- Poster
- Directed by: Robert B. Weide; Don Argott;
- Written by: Robert B. Weide
- Produced by: Robert B. Weide
- Starring: Kurt Vonnegut Robert B. Weide
- Edited by: William Neal; Bo Price; Demian Fenton;
- Music by: Alex Mansour
- Production companies: 9.14 Pictures; Whyaduck Productions;
- Distributed by: IFC Films
- Release date: November 11, 2021 (DOC NYC);
- Country: United States
- Language: English

= Kurt Vonnegut: Unstuck in Time =

American documentary

Kurt Vonnegut: Unstuck in Time is a 2021 American documentary film, directed by Robert B. Weide.

== Synopsis ==
The film tells the story of Kurt Vonnegut's life and work. At the same time, it explores the process of making this film, which started 40 years earlier.

== Cast ==
The cast includes Jerome Klinkowitz, Sidney Offit, Morley Safer, Daniel Simon, and David L. Ulin.

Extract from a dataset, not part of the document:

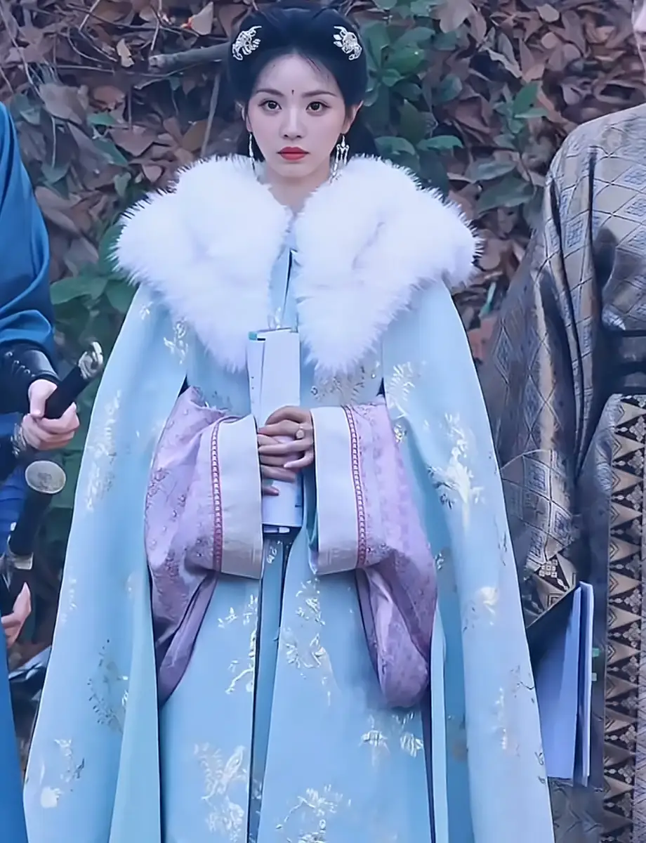 田曦薇此次选择了一套浅蓝色的古装,搭配白狐毛领,使得整体形象更加高贵典雅。这样的色调不仅衬托出她清新的气质,还增添了一份冬日的温暖与柔和。在拍摄现场,她的每一个细节都散发出温婉的氛围,使观众对她在剧中的表现充满期待。

== Release and reception ==
The film premiered at the 2021 DOC NYC film festival. In a review in The Hollywood Reporter, Angie Han wrote, "does, in the end, feel like a true act of friendship. If that isn’t nice, what is?" IndieWire's review, commented that the film "is at its best during the occasional stretches in which it candidly unpacks its own creation."